Judmental Is Mental

One of the biggest things my character has to deal with is judgement from the people he serves to protect. They don't realize what he's doing is protecting them from a Hitleresque fate. I was at the gym and saw this girl. Cute. Then it happened. "Her eyes are too Asian," I said to myself.


First off every one is perfect in their own way. It's why there isn't a perfect cherry blossom. No such thing. Because every blossom is perfect (From The Last Samurai). This applies to humans as well. Once we start comparing one to another is when this Eastern way of looking at things deteriorates.

When I was practicing crap martial arts, see my bio, we were given a special treat. Our teacher brought in a Chinese Kung Fu teacher to teach us a Chinese form. A form is a series of martial art movements against imaginary opponents. By the way, that in itself is not the best way to learn how to fight. And what makes a form Chinese? The slantiness of the movement?

As my friend and I practiced the form--we're both Chinese--we were marvelling at how different the movement was from the daily crap that we practiced.
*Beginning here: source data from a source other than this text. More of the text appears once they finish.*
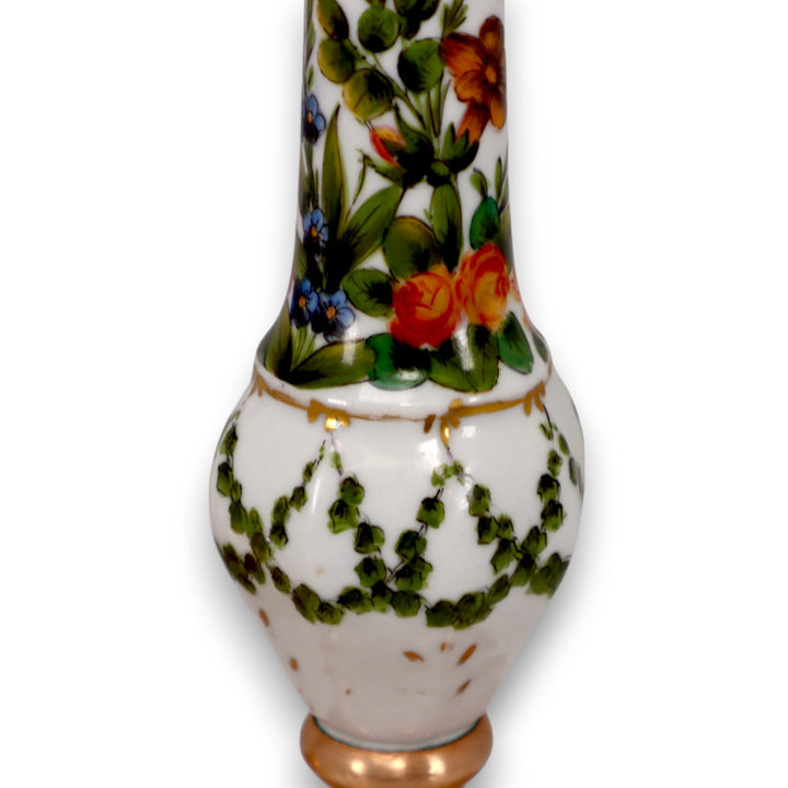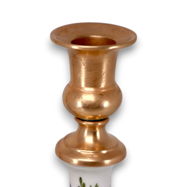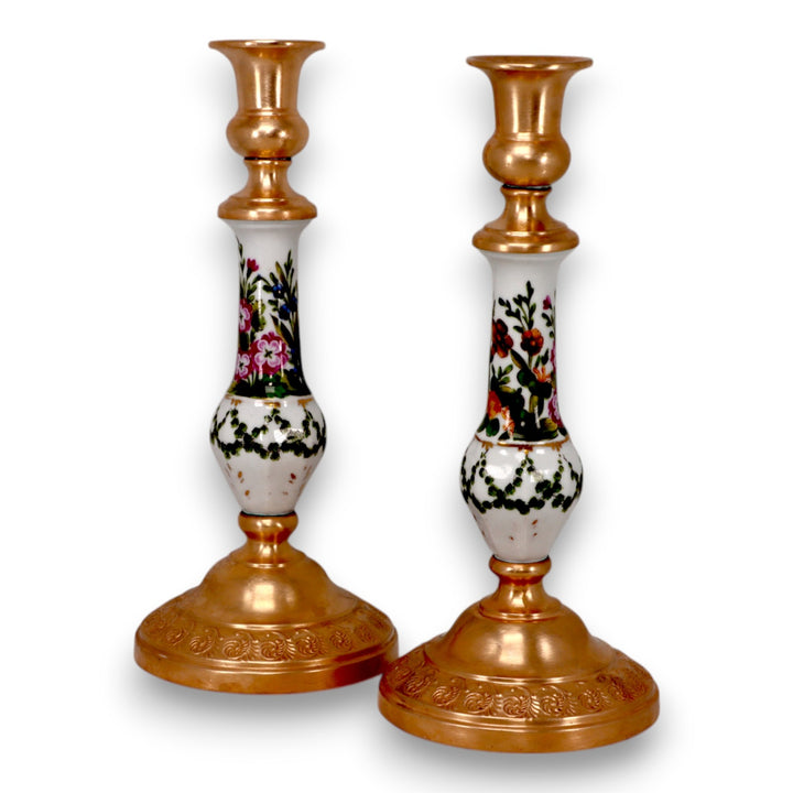 Brass and Hand Painted Porcelain Candlestick Holders 1 Pair 2pc Vintage
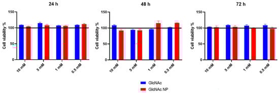 The MTS colourimetric method was performed to assess the cell viability of HPCs treated with four different concentrations of GlcNAc and GlcNAc NP (10 mM, 5 mM, 1 mM, and 0.5 mM), for 24, 48, and 72 h. Cell viability of treated samples was normalized to the untreated cells, which is reported as 100% and represented in the graphs by a black horizontal line.
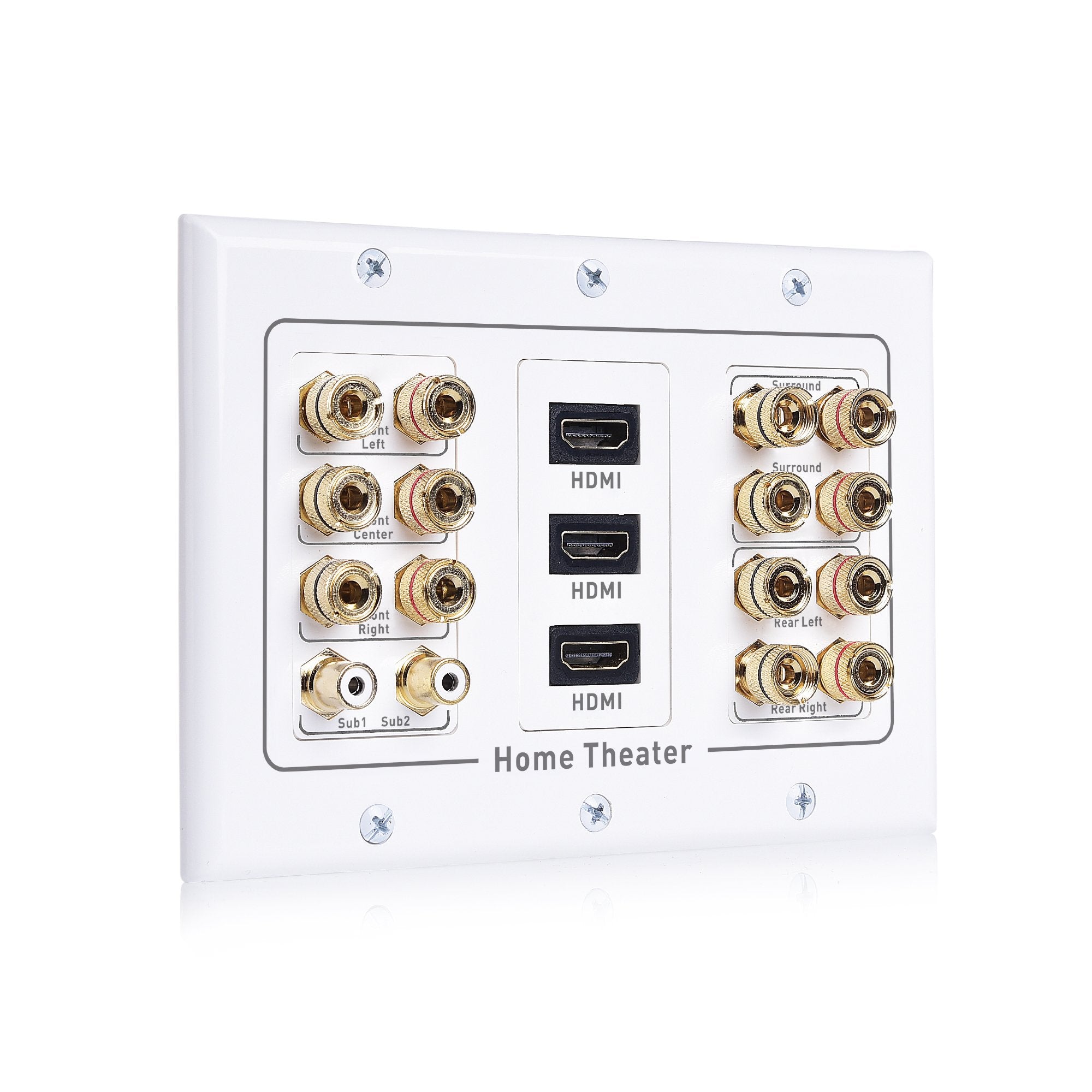 The Cable Matters Double-Gang 7.2 Surround Sound Distribution Wall Plate with 3x HDMI connects 7 speakers, 2 subwoofers and three devices with HDMI in a 7.2 Surround Sound system. Conceal the wires from your home theater system in the wall instead of fastening them to the baseboard for a secure and professional-looking installation. Connect the binding posts with 12 to 18 AWG bare speaker wire, banana plugs, or spade connectors and two subwoofers with RCA cables. Connect a CATV box, media streamer, and gaming console to your UHD TV with HDMI.

Keep in mind I didn't know I was studying crap martial arts till I was awakened.

One of the supervising instructors came to us and said, "You're too Chinese," referring to our movement.
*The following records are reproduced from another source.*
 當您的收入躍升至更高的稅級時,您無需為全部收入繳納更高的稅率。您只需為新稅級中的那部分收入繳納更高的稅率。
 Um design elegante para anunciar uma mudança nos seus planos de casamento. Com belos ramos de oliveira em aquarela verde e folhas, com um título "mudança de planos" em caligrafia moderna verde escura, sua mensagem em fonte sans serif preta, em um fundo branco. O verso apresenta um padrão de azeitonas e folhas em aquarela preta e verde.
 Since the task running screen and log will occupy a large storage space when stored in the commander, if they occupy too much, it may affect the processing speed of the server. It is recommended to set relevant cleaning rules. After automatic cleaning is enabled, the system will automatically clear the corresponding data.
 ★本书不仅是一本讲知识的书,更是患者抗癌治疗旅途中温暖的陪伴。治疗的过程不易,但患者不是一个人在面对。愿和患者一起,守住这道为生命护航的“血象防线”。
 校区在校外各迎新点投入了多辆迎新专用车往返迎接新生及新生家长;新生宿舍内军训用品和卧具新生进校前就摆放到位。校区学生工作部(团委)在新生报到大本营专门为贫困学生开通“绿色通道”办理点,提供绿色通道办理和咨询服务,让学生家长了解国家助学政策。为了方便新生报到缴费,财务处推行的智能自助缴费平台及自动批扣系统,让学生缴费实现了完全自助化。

My friend and I looked at each other. Then looked at our non-Chinese supervising teacher.

"Nooooo," I said. "Wouldn't want to be too Chinese." Were our eyes extra slanty?

Everbody knows not to be judgemental. Even those who are aware of why can place judgement on others. We are after all human. It's the conscious practice of being non-judgemental that's important. Not the mistakes of when we are. But if you're not aware that judgement is wrong, is the person still to blame?

I can't say. And neither does the hero of my book. So what does he do? Continues to serve despite the hate he gets from doing so.

In Bruce Lee's only filmed interview he was asked if he wanted to be thought of as Chinese or a North American. He was born in San Francisco. He said he wanted to be thought as a human being.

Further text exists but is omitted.